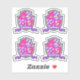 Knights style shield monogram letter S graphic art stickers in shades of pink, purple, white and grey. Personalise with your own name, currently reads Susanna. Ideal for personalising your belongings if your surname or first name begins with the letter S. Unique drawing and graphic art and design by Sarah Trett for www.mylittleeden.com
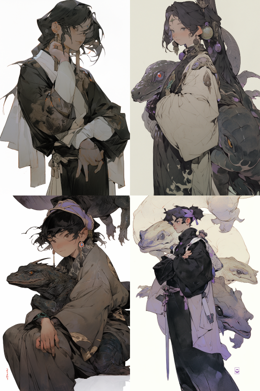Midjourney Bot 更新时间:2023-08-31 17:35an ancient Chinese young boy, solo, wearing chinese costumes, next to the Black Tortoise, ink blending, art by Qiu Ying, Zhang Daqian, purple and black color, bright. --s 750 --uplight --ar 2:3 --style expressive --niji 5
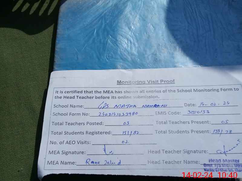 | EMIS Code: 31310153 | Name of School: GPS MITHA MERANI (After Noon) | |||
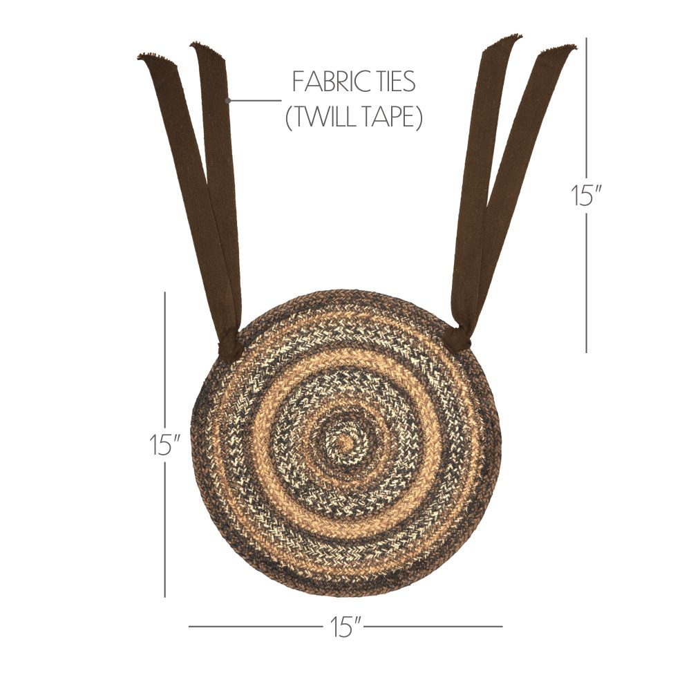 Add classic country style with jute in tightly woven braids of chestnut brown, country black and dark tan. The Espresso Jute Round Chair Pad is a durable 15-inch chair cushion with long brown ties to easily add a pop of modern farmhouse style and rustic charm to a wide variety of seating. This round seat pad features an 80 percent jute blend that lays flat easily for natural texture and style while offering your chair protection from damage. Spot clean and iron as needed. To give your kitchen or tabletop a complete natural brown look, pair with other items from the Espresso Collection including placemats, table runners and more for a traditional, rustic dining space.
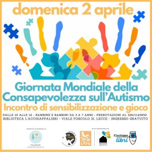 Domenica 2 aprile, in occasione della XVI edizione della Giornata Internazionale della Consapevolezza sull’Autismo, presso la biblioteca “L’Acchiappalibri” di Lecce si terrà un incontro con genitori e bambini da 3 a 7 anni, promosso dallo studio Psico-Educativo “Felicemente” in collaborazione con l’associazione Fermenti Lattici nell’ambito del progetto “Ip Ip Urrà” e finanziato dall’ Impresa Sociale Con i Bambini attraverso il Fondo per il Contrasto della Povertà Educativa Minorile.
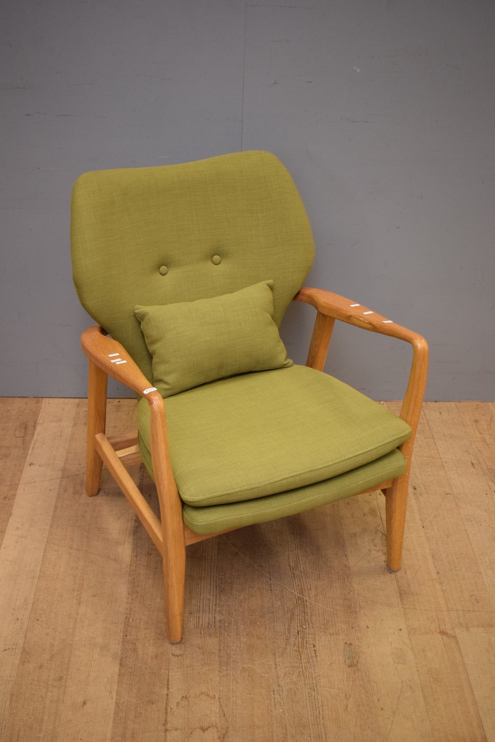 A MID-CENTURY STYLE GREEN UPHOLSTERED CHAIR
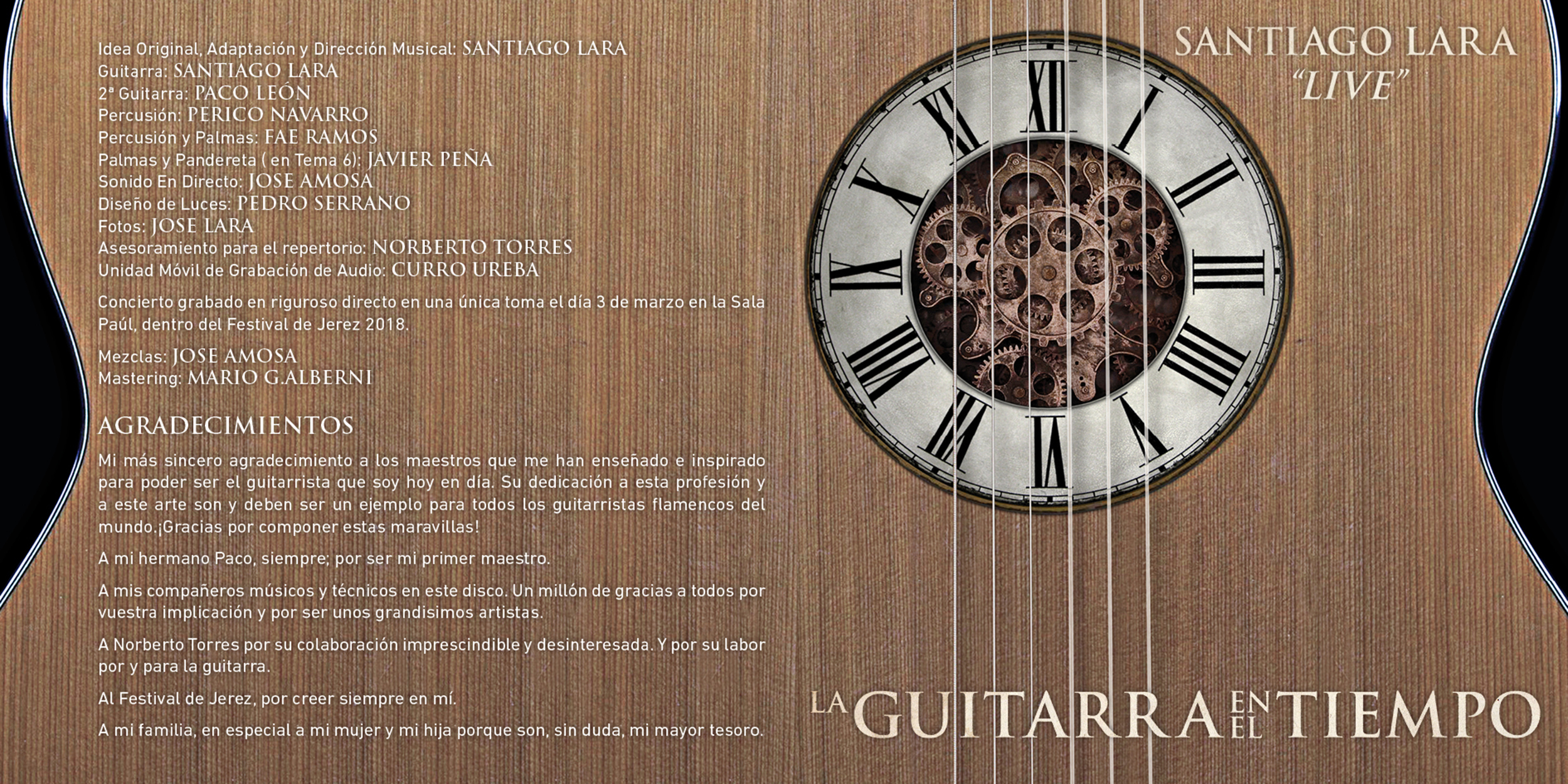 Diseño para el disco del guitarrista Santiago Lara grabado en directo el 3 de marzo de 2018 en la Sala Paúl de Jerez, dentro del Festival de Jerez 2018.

------------------------------------

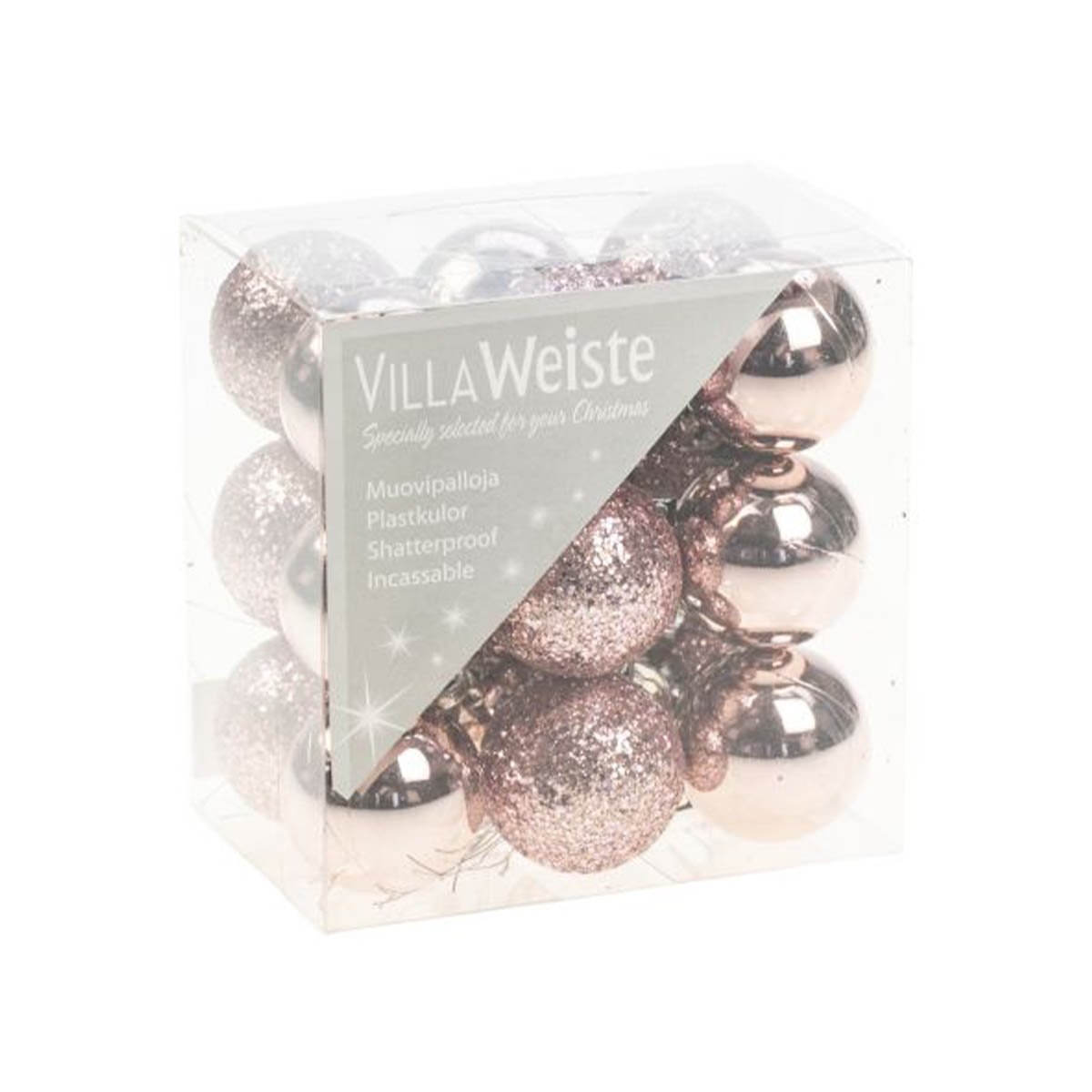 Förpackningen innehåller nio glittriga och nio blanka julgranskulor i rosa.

------------------------------------

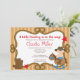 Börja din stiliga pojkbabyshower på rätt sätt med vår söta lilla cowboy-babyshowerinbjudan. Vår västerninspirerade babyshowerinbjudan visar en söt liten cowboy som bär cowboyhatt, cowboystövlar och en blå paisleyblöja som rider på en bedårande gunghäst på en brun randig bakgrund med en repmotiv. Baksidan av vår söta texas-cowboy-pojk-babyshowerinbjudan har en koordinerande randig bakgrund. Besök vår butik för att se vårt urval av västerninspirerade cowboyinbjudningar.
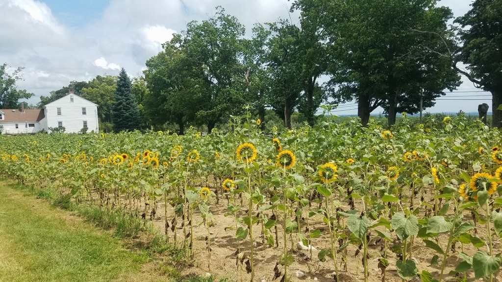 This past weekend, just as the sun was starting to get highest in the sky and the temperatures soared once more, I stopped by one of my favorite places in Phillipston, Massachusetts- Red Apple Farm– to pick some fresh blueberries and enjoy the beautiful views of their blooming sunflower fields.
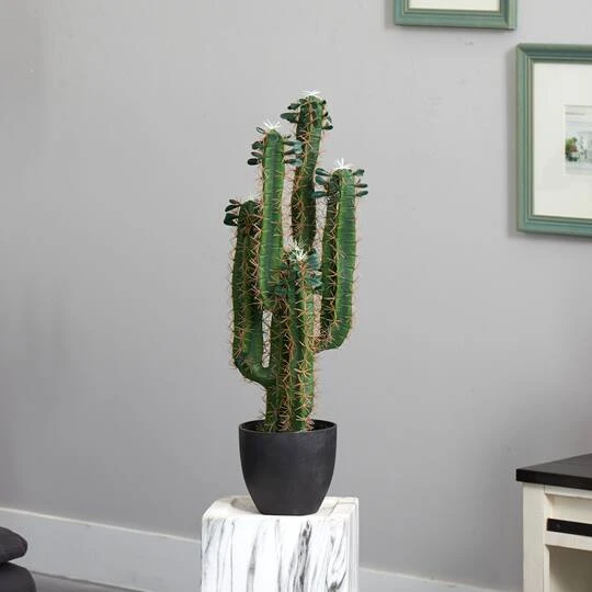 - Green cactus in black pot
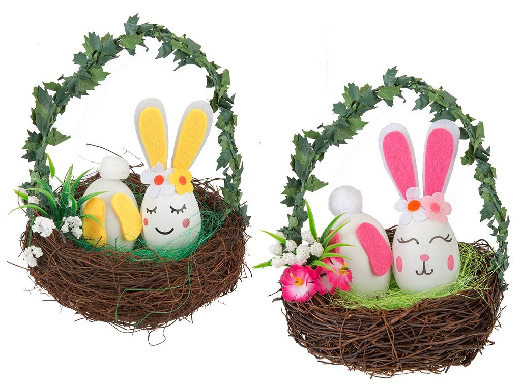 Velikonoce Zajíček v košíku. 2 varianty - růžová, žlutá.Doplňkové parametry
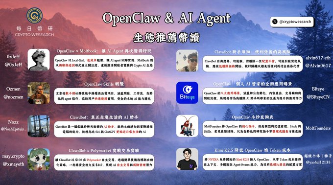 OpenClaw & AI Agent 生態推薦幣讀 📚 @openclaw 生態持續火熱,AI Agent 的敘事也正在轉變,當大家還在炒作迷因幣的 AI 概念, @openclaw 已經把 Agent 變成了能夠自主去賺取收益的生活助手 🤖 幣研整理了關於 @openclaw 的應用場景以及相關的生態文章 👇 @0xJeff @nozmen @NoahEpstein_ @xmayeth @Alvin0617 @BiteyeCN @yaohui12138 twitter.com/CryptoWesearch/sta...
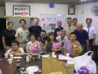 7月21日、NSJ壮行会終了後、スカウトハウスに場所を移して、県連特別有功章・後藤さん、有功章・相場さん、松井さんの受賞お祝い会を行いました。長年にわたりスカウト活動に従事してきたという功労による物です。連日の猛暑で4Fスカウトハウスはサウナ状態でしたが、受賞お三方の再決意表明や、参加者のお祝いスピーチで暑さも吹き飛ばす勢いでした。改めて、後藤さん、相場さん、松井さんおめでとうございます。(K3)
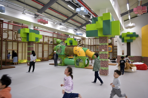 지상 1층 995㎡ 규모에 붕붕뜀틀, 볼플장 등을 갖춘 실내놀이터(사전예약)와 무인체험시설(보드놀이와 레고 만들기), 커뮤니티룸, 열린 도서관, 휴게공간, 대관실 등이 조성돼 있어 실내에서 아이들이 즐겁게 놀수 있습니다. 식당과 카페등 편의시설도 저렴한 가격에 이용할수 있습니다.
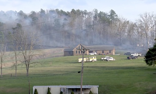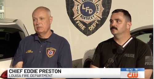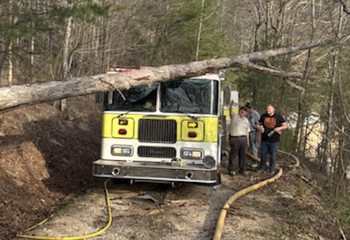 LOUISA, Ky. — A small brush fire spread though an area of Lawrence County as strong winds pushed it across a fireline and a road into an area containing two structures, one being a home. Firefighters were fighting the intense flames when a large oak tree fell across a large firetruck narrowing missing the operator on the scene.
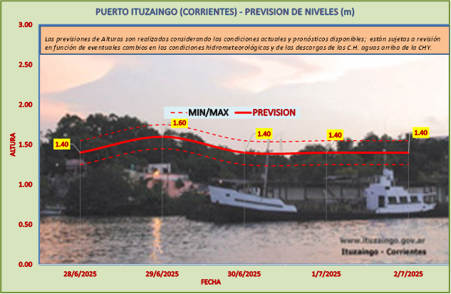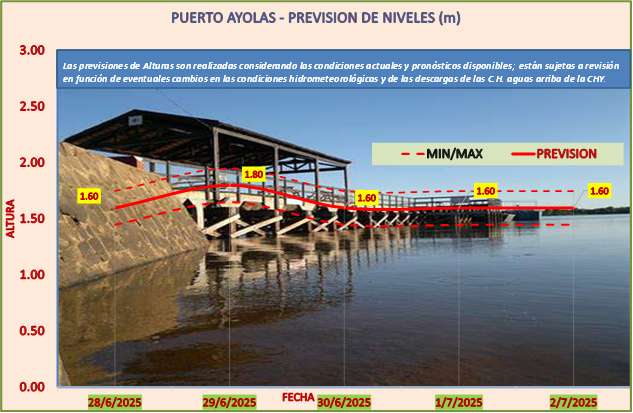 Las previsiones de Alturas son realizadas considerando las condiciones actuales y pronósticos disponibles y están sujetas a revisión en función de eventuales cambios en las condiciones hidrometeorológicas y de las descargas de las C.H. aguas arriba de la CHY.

------------------------------------

Exercise directions: Write out word for word the lines above that run from the one with "This past weekend, just" to the one with "Las previsiones de". Include both end lines; exclude the images.

Your solution:
 This past weekend, just as the sun was starting to get highest in the sky and the temperatures soared once more, I stopped by one of my favorite places in Phillipston, Massachusetts- Red Apple Farm– to pick some fresh blueberries and enjoy the beautiful views of their blooming sunflower fields.
 - Green cactus in black pot
 Velikonoce Zajíček v košíku. 2 varianty - růžová, žlutá.Doplňkové parametry
 OpenClaw & AI Agent 生態推薦幣讀 📚 @openclaw 生態持續火熱,AI Agent 的敘事也正在轉變,當大家還在炒作迷因幣的 AI 概念, @openclaw 已經把 Agent 變成了能夠自主去賺取收益的生活助手 🤖 幣研整理了關於 @openclaw 的應用場景以及相關的生態文章 👇 @0xJeff @nozmen @NoahEpstein_ @xmayeth @Alvin0617 @BiteyeCN @yaohui12138 twitter.com/CryptoWesearch/sta...
 7月21日、NSJ壮行会終了後、スカウトハウスに場所を移して、県連特別有功章・後藤さん、有功章・相場さん、松井さんの受賞お祝い会を行いました。長年にわたりスカウト活動に従事してきたという功労による物です。連日の猛暑で4Fスカウトハウスはサウナ状態でしたが、受賞お三方の再決意表明や、参加者のお祝いスピーチで暑さも吹き飛ばす勢いでした。改めて、後藤さん、相場さん、松井さんおめでとうございます。(K3)
 지상 1층 995㎡ 규모에 붕붕뜀틀, 볼플장 등을 갖춘 실내놀이터(사전예약)와 무인체험시설(보드놀이와 레고 만들기), 커뮤니티룸, 열린 도서관, 휴게공간, 대관실 등이 조성돼 있어 실내에서 아이들이 즐겁게 놀수 있습니다. 식당과 카페등 편의시설도 저렴한 가격에 이용할수 있습니다.
 LOUISA, Ky. — A small brush fire spread though an area of Lawrence County as strong winds pushed it across a fireline and a road into an area containing two structures, one being a home. Firefighters were fighting the intense flames when a large oak tree fell across a large firetruck narrowing missing the operator on the scene.
 Las previsiones de Alturas son realizadas considerando las condiciones actuales y pronósticos disponibles y están sujetas a revisión en función de eventuales cambios en las condiciones hidrometeorológicas y de las descargas de las C.H. aguas arriba de la CHY.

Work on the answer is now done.